_Work to complete_:
The entries are to be given again in full. Every word must match.

..........

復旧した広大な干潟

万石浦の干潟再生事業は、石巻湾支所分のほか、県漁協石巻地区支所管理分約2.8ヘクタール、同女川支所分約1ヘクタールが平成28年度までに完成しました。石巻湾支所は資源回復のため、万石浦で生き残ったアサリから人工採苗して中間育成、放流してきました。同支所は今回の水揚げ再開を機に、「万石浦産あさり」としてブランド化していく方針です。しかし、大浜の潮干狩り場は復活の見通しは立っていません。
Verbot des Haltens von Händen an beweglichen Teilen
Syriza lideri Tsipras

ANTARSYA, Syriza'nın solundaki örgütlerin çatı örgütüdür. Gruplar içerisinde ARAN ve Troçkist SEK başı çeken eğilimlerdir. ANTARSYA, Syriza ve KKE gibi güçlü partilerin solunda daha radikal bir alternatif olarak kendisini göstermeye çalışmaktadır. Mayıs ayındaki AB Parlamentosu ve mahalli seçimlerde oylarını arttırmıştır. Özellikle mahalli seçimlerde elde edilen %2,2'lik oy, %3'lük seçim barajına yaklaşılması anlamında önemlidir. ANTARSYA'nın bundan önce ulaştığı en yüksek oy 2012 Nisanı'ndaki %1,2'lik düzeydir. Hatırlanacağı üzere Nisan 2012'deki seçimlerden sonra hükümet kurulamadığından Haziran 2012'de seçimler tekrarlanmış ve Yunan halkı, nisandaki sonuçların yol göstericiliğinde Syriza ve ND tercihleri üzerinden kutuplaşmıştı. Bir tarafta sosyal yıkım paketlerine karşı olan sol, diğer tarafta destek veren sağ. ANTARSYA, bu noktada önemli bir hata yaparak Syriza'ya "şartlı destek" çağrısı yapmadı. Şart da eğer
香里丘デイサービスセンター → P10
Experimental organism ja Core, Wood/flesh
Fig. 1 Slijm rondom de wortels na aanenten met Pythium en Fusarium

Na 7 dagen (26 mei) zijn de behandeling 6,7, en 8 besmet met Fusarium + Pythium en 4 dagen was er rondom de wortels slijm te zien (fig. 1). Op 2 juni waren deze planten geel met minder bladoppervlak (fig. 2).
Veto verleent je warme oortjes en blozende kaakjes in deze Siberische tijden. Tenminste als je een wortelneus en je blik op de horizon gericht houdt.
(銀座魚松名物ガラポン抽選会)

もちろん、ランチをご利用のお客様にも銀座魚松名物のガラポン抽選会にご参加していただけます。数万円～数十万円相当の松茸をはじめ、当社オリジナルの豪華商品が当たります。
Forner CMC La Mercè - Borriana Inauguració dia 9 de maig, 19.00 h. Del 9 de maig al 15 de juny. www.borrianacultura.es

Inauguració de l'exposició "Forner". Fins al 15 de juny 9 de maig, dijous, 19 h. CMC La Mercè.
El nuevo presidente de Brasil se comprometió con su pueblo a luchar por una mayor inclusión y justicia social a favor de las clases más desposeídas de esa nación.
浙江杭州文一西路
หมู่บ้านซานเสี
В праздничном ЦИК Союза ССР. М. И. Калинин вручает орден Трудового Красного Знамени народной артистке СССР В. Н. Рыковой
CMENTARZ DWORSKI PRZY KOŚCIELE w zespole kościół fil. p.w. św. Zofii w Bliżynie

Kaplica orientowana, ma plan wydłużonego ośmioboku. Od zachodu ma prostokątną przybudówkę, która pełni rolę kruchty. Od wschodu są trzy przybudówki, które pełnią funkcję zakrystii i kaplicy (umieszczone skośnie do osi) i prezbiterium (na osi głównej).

..........

_Result of the exercise_:
復旧した広大な干潟

万石浦の干潟再生事業は、石巻湾支所分のほか、県漁協石巻地区支所管理分約2.8ヘクタール、同女川支所分約1ヘクタールが平成28年度までに完成しました。石巻湾支所は資源回復のため、万石浦で生き残ったアサリから人工採苗して中間育成、放流してきました。同支所は今回の水揚げ再開を機に、「万石浦産あさり」としてブランド化していく方針です。しかし、大浜の潮干狩り場は復活の見通しは立っていません。
Verbot des Haltens von Händen an beweglichen Teilen
Syriza lideri Tsipras

ANTARSYA, Syriza'nın solundaki örgütlerin çatı örgütüdür. Gruplar içerisinde ARAN ve Troçkist SEK başı çeken eğilimlerdir. ANTARSYA, Syriza ve KKE gibi güçlü partilerin solunda daha radikal bir alternatif olarak kendisini göstermeye çalışmaktadır. Mayıs ayındaki AB Parlamentosu ve mahalli seçimlerde oylarını arttırmıştır. Özellikle mahalli seçimlerde elde edilen %2,2'lik oy, %3'lük seçim barajına yaklaşılması anlamında önemlidir. ANTARSYA'nın bundan önce ulaştığı en yüksek oy 2012 Nisanı'ndaki %1,2'lik düzeydir. Hatırlanacağı üzere Nisan 2012'deki seçimlerden sonra hükümet kurulamadığından Haziran 2012'de seçimler tekrarlanmış ve Yunan halkı, nisandaki sonuçların yol göstericiliğinde Syriza ve ND tercihleri üzerinden kutuplaşmıştı. Bir tarafta sosyal yıkım paketlerine karşı olan sol, diğer tarafta destek veren sağ. ANTARSYA, bu noktada önemli bir hata yaparak Syriza'ya "şartlı destek" çağrısı yapmadı. Şart da eğer
香里丘デイサービスセンター → P10
Experimental organism ja Core, Wood/flesh
Fig. 1 Slijm rondom de wortels na aanenten met Pythium en Fusarium

Na 7 dagen (26 mei) zijn de behandeling 6,7, en 8 besmet met Fusarium + Pythium en 4 dagen was er rondom de wortels slijm te zien (fig. 1). Op 2 juni waren deze planten geel met minder bladoppervlak (fig. 2).
Veto verleent je warme oortjes en blozende kaakjes in deze Siberische tijden. Tenminste als je een wortelneus en je blik op de horizon gericht houdt.
(銀座魚松名物ガラポン抽選会)

もちろん、ランチをご利用のお客様にも銀座魚松名物のガラポン抽選会にご参加していただけます。数万円～数十万円相当の松茸をはじめ、当社オリジナルの豪華商品が当たります。
Forner CMC La Mercè - Borriana Inauguració dia 9 de maig, 19.00 h. Del 9 de maig al 15 de juny. www.borrianacultura.es

Inauguració de l'exposició "Forner". Fins al 15 de juny 9 de maig, dijous, 19 h. CMC La Mercè.
El nuevo presidente de Brasil se comprometió con su pueblo a luchar por una mayor inclusión y justicia social a favor de las clases más desposeídas de esa nación.
浙江杭州文一西路
หมู่บ้านซานเสี
В праздничном ЦИК Союза ССР. М. И. Калинин вручает орден Трудового Красного Знамени народной артистке СССР В. Н. Рыковой
CMENTARZ DWORSKI PRZY KOŚCIELE w zespole kościół fil. p.w. św. Zofii w Bliżynie

Kaplica orientowana, ma plan wydłużonego ośmioboku. Od zachodu ma prostokątną przybudówkę, która pełni rolę kruchty. Od wschodu są trzy przybudówki, które pełnią funkcję zakrystii i kaplicy (umieszczone skośnie do osi) i prezbiterium (na osi głównej).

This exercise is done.